Amazon’s feedback loop is near-instant; a "full cycle" from purchase to delivery is measured in hours or days. In contrast, banking lives in the long-term world. It may take years for credit card behavior to reveal its risk profile fully, and a mortgage cycle can span decades. Furthermore, while the utility of a consumer product is found in the item itself, a bank is trading certain capital today (loan proceeds to the customer) for uncertain capital in the distant future (loan repayments from the customer).

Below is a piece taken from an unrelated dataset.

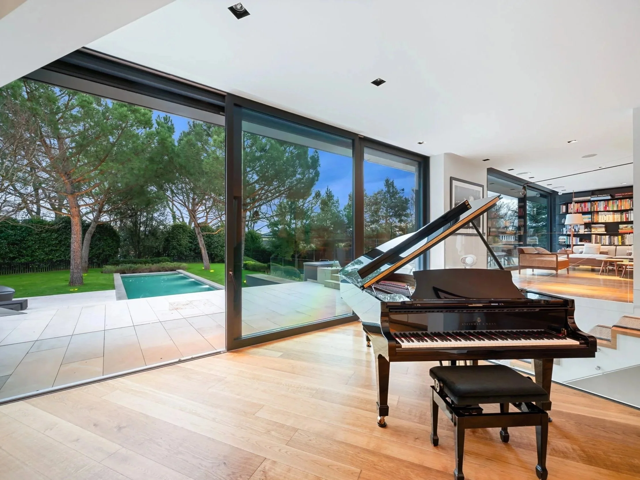 Un majestueux hall d’entrée accueille les visiteurs, avec un superbe escalier conçu par l’architecte italien Pierre Lissoni. Le vaste salon offre une vue imprenable sur la piscine intérieure. La salle à manger, dotée d’une cheminée, et la grande cuisine équipée d’appareils haut de gamme, avec son espace repas, complètent cet espace de vie convivial. Deux chambres, chacune avec son dressing et sa salle de bain attenante, ainsi qu’une troisième chambre, équipée d’une kitchenette et d’une salle de bain, viennent parfaire ce niveau.

These deep differences in time-horizon and utility are matched by a massive gulf in oversight. Consumer platforms operate under relatively modest oversight; banks operate in a dense thicket of "Safety and Soundness" and consumer protection regulations. These structural realities make the modeling challenge in banking fundamentally different from the world of Netflix or Amazon. This article explores this unique challenge and how banking predictive models are adapted to make the most of it.

About Jeff Hulett: Jeff leads Personal Finance Reimagined, a decision-making and financial education platform. He teaches personal finance at James Madison University and provides personal finance seminars. Check out his book -- Making Choices, Making Money: Your Guide to Making Confident Financial Decisions.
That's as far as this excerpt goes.